§ **RECORD SET**:
═══

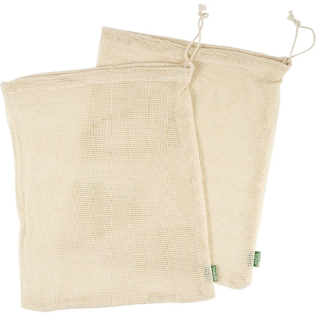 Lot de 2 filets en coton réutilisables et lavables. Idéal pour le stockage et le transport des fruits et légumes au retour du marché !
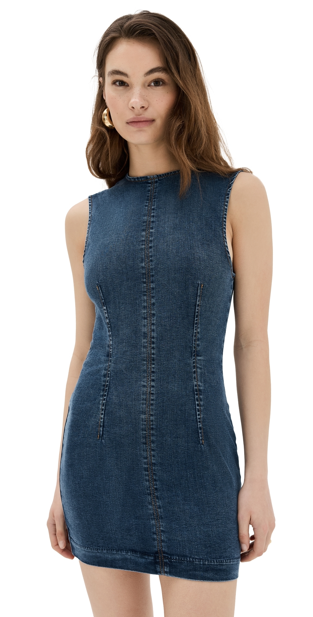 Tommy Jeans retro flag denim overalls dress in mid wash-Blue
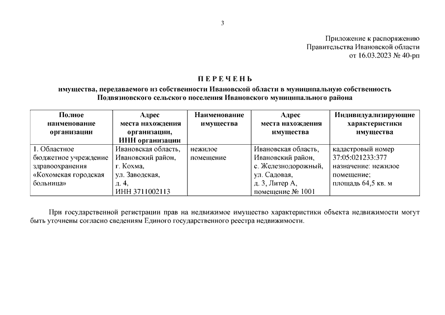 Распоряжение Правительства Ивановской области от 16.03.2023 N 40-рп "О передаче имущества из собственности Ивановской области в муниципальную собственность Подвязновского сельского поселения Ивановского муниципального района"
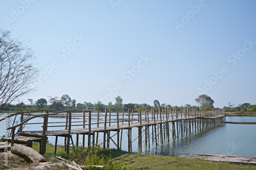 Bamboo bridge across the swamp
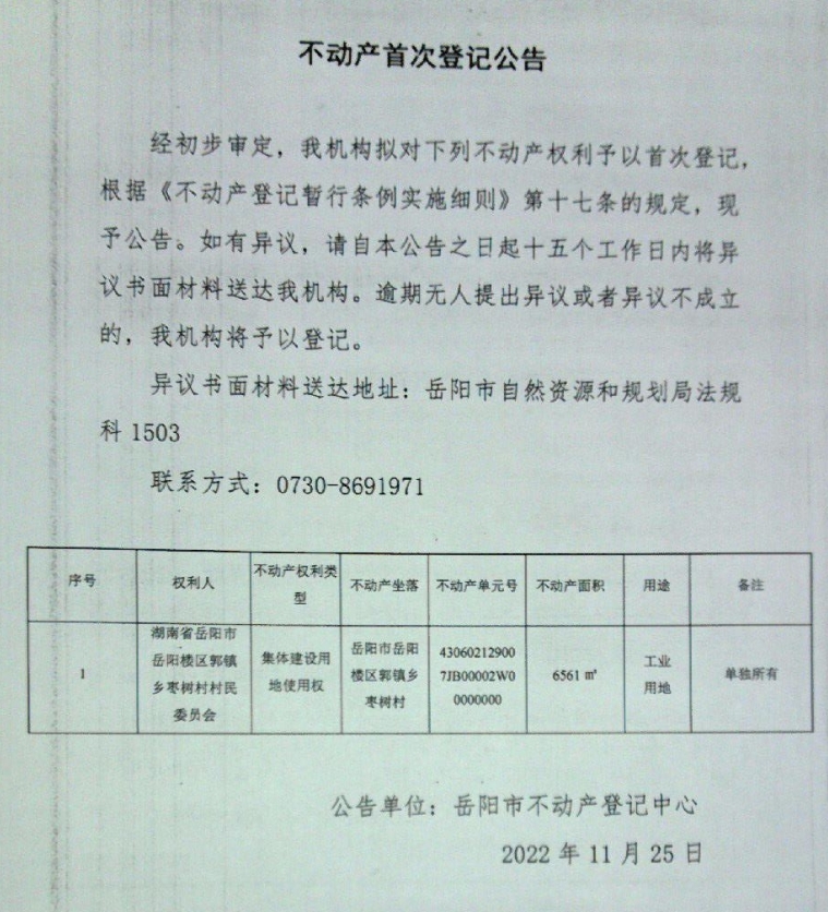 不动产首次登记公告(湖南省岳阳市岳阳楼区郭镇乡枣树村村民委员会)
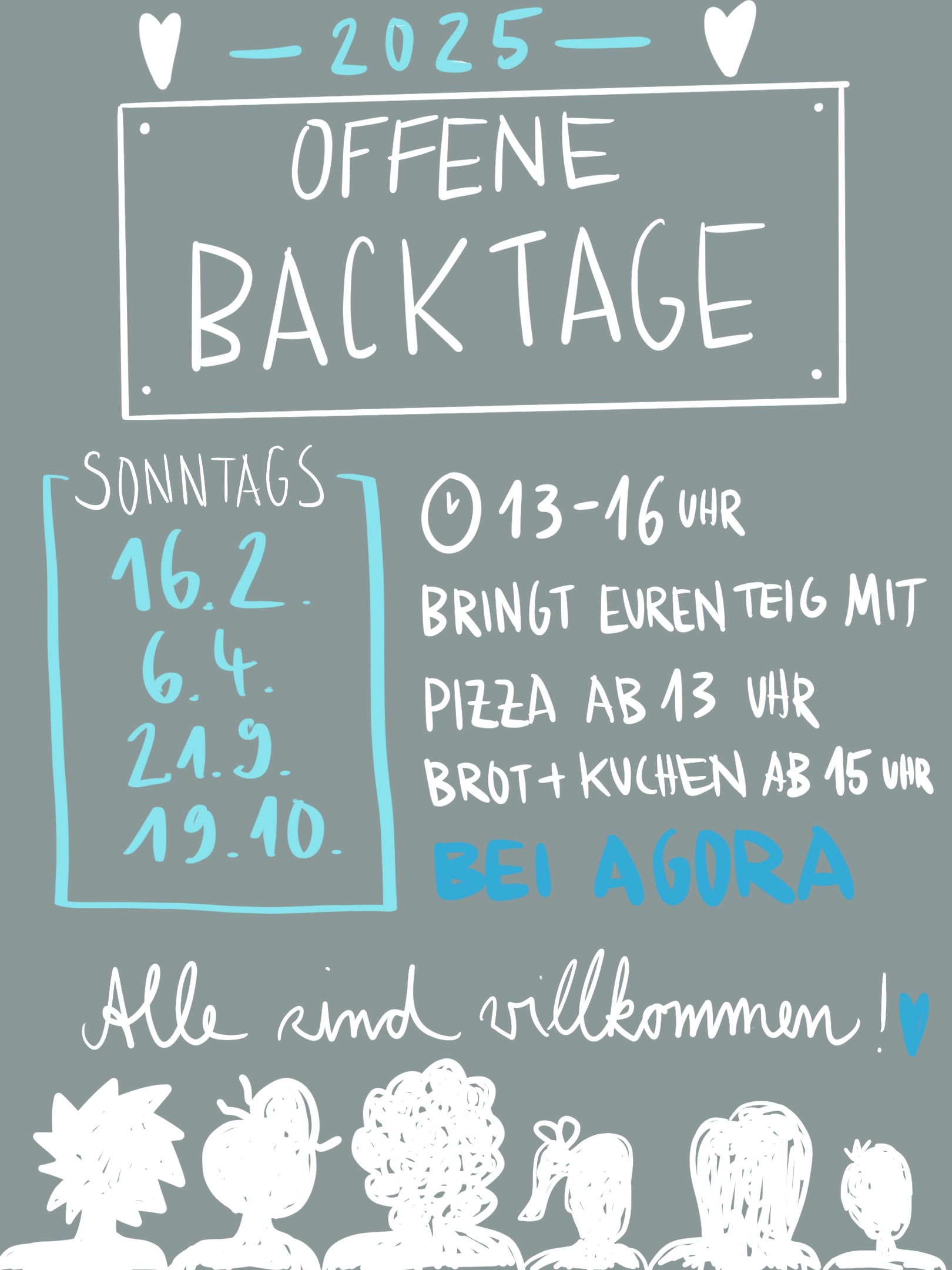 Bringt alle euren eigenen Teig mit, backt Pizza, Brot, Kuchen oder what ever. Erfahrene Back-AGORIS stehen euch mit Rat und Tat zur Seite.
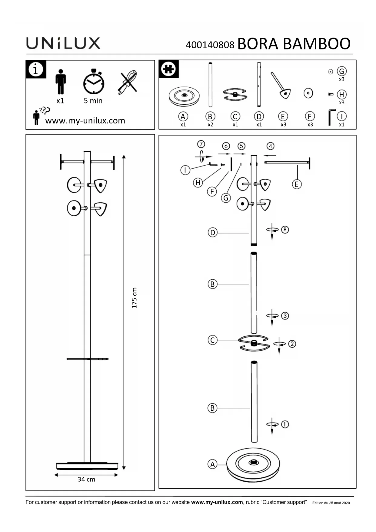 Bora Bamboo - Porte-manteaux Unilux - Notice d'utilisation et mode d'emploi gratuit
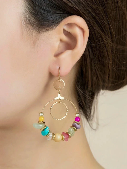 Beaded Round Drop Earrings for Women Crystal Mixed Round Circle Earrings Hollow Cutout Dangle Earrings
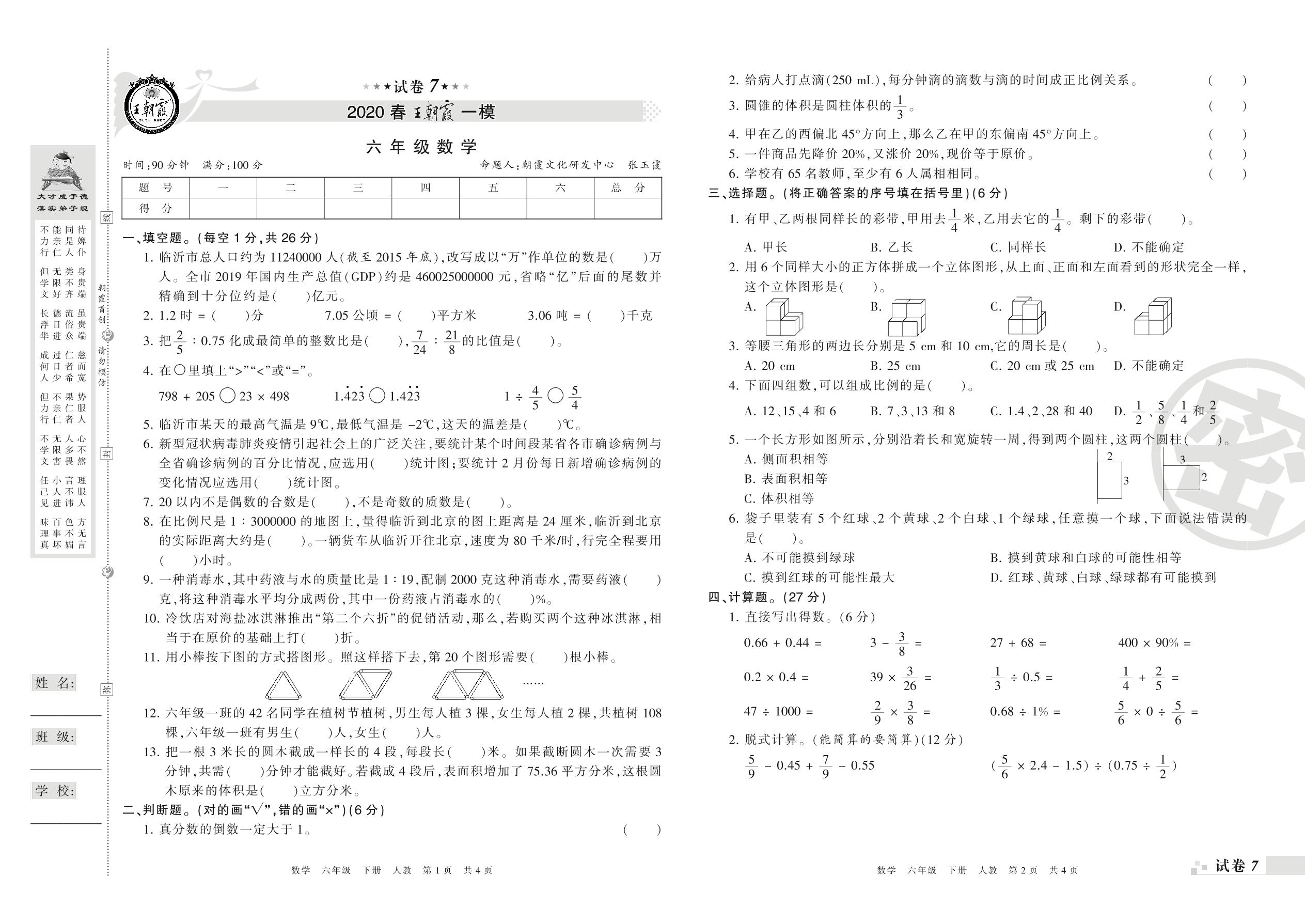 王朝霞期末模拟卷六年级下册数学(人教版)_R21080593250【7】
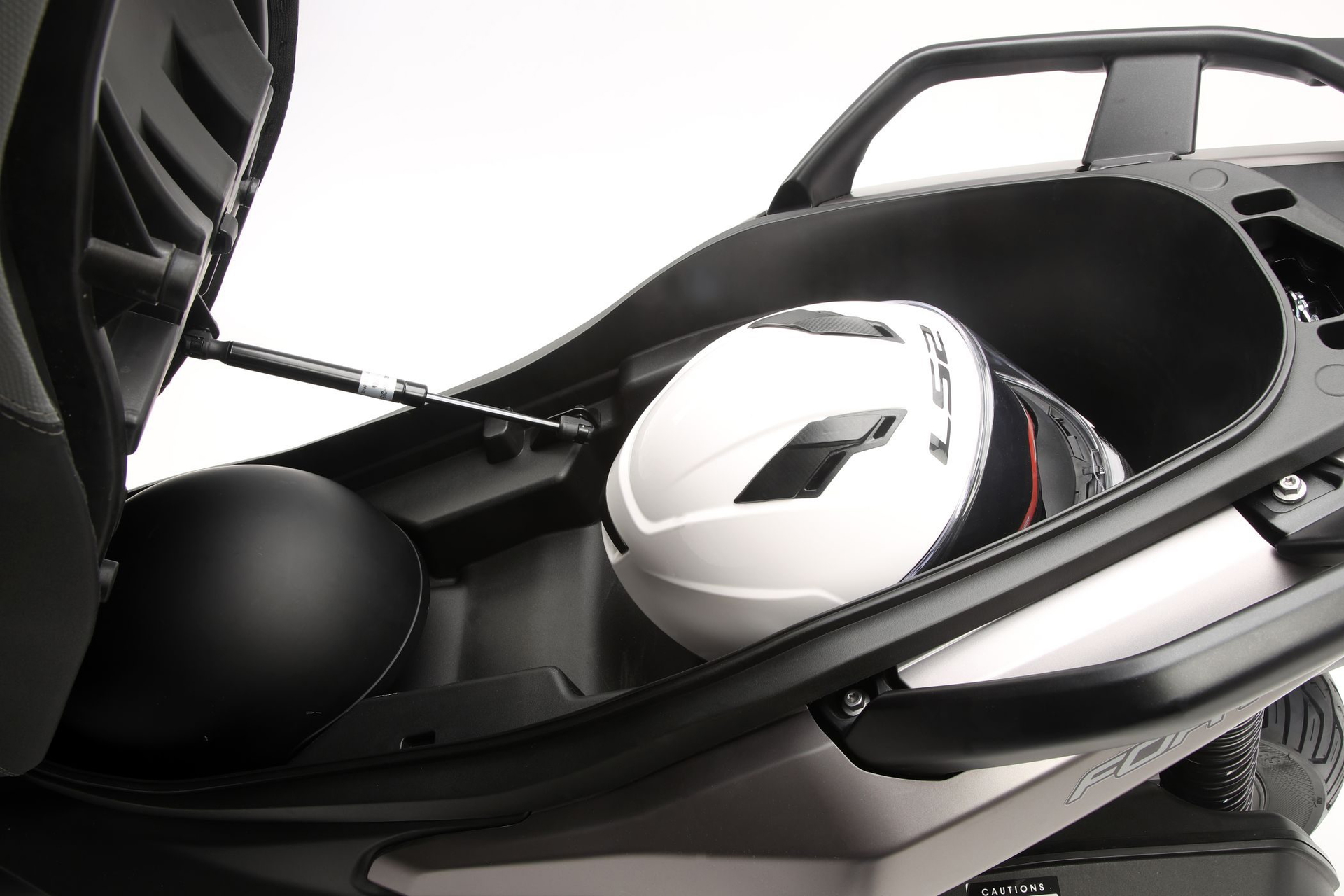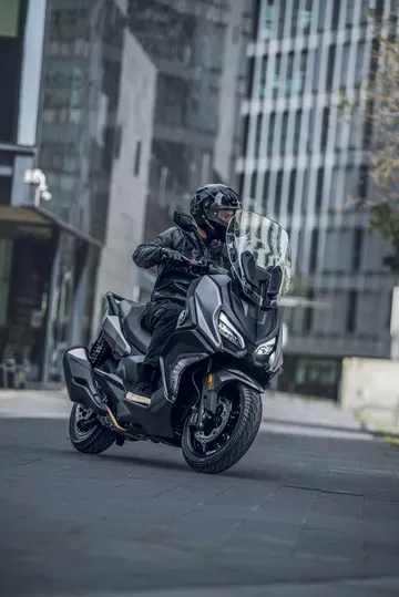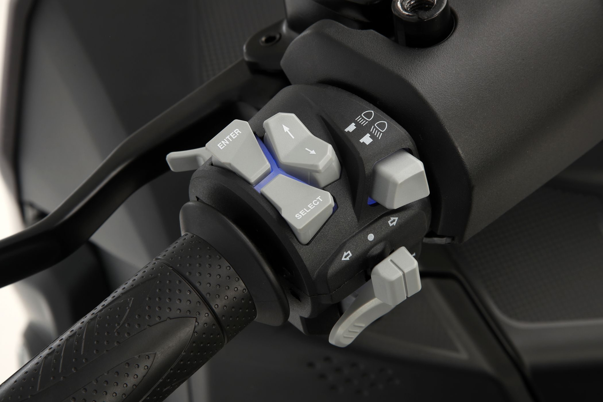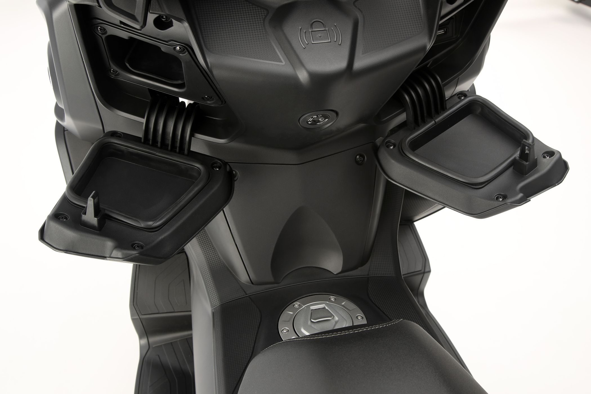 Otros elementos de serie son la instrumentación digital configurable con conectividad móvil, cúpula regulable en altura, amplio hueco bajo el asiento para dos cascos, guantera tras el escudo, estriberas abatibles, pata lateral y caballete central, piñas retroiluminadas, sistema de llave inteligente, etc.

═══

§ **TASK**:
Your task is to reproduce exactly the lines running from the line that contains "不动产首次登记公告(湖南省岳阳市岳阳楼区郭镇乡枣树村村民委员会)" to the end of the records, pictures excluded.

§ **SOLUTION TO THE EXERCISE**:
 不动产首次登记公告(湖南省岳阳市岳阳楼区郭镇乡枣树村村民委员会)
 Bringt alle euren eigenen Teig mit, backt Pizza, Brot, Kuchen oder what ever. Erfahrene Back-AGORIS stehen euch mit Rat und Tat zur Seite.
 Bora Bamboo - Porte-manteaux Unilux - Notice d'utilisation et mode d'emploi gratuit
 Beaded Round Drop Earrings for Women Crystal Mixed Round Circle Earrings Hollow Cutout Dangle Earrings
 王朝霞期末模拟卷六年级下册数学(人教版)_R21080593250【7】
 Otros elementos de serie son la instrumentación digital configurable con conectividad móvil, cúpula regulable en altura, amplio hueco bajo el asiento para dos cascos, guantera tras el escudo, estriberas abatibles, pata lateral y caballete central, piñas retroiluminadas, sistema de llave inteligente, etc.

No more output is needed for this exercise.